Voici ce qu’ils ont fait… Ils ont scruté à la loupe le travail accompli par 31 juges de Milan entre 2000 et 2005, qui se sont chargés de très exactement 58 280 dossiers. Et ils ont évalué le temps que leur a pris chaque dossier, le niveau de complexité de chacun d’eux, etc.
Ils ont alors constaté qu’il y avait de grandes disparités : certains réglaient leurs dossiers plus vite que d’autres (et pas forcément plus mal, bien entendu). Par exemple, l’un des plus lents avait en moyenne 275 dossiers en cours, alors que l’un des plus rapides, n’en avait «que» 116. Il faut savoir qu’en Italie les juges ont très exactement 60 jours pour se pencher sur un dossier, pas un de plus. Cette pression externe est très forte et oblige à redoubler d’efforts quand le dead-line approche. Et ce, quel que soit le nombre de dossiers que l’on a déjà sur les bras…
Les chercheurs ont regardé s’il y avait une corrélation entre le nombre de dossiers en cours et celui de ceux que l’on réussit à boucler. Et ils en ont trouvé une, estimée à -0,36. Ça signifie, dans le cas présent, que les juges qui travaillent sur peu de dossiers à la fois y parviennent parce qu’ils ont une méthode de travail différente de celle des autres : au lieu d’ouvrir tous les dossiers qu’ils reçoivent en même temps et de passer de l’un à l’autre pour les régler, ils s’en occupent l’un après l’autre. «En d’autres mots, le travail séquentiel, contrairement au travail parallèle, permet d’éviter toute congestion», considèrent les économistes italiens.

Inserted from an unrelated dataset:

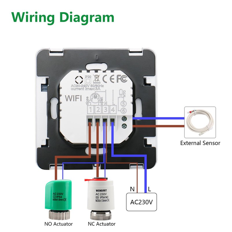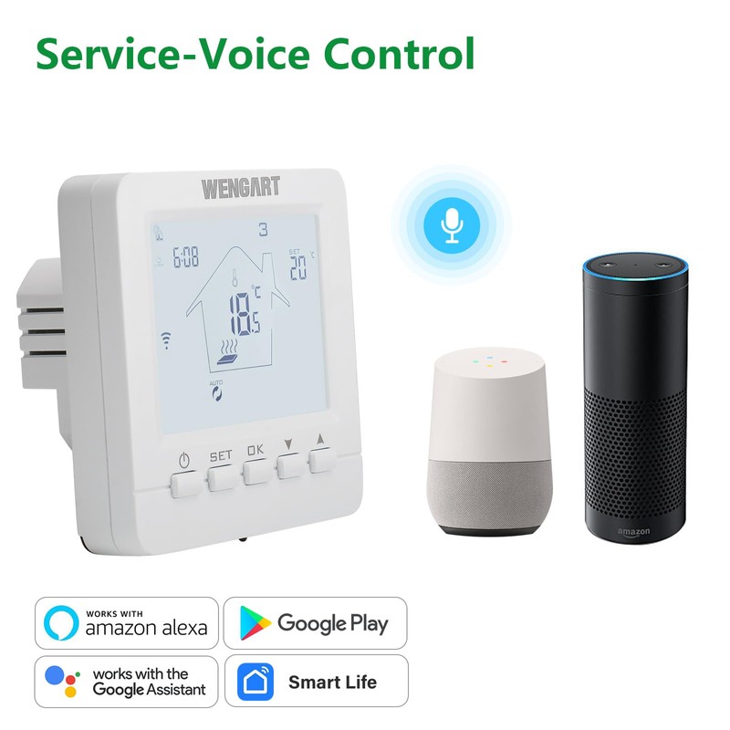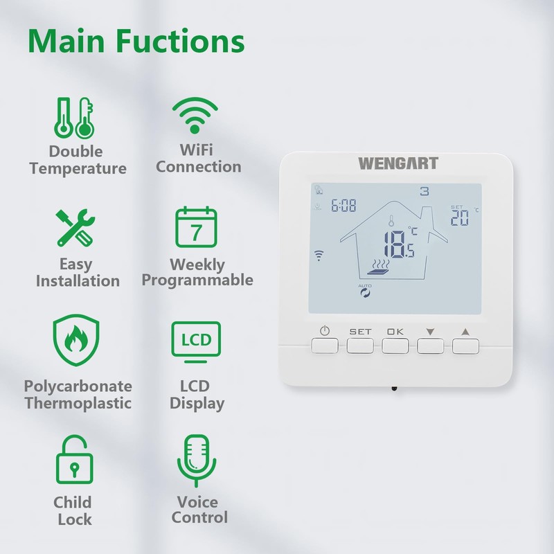 Wengart WiFi Smart Thermostat WG02B05, 2.4 GHz Wi-Fi App TUYA for Underfloor Heating, Compatible with Alexa Echo/Google Home, AC230V Max3A White Backlight

Mais, peut-on vraiment attribuer cette efficacité à ce seul critère de méthode de travail? Le fait n’est-il pas plutôt que certains juges sont plus efficaces que d’autres à chaque phase de travail, et c’est tout? Les chercheurs ont vérifié cela. Ils ont regardé, entre autres, si certains ne faisaient pas des heures de fous pour boucler tous leurs dossiers, ou encore si certains étaient plus doués que d’autres. Résultat : ces facteurs peuvent jouer, bien entendu, mais n’ont pas influencé les résultats globaux de l’étude.
Leur conclusion est bel et bien la suivante : ceux qui se penchent sur leurs dossiers les uns après les autres en règlent davantage et plus vite que ceux qui s’éparpillent dans leur travail. Bref, le multitâche nuit clairement à la productivité.
Les implications en matière de management sont cruciales, à mon avis. Si l’on veut être soi-même plus efficace au bureau, mieux vaut, par exemple, consacrer une journée entière à un dossier, et la suivante à un autre, plutôt que faire l’un pendant deux heures et l’autre dans les deux heures qui suivent. L’important est alors, si possible, de résister aux pressions externes – des clients, des collègues, des supérieurs hiérarchiques,… –, qui tentent en permanence de vous convaincre que leur dossier est prioritaire sur celui des autres. Idem, ne harcelez pas vos employés avec mille exigences à la fois ; laissez-les aller à leur rythme pour régler leurs dossiers les uns après les autres, ils n’en seront que plus productifs.
Quant aux procureurs de la Couronne et aux juristes de l'État, qu'on ne me fasse pas dire ce que je n'ai pas dit, à savoir qu'ils feraient mieux de changer de méthode de travail. Non, ce n'est pas aussi simple que ça. Ce qui les aiderait grandement dans leur quotidien, c'est plutôt d'être moins soumis aux pressions externes, en particulier la volonté générale de voir les affaires judiciaires réglées vite et bien avec peu de moyens. Pas vrai?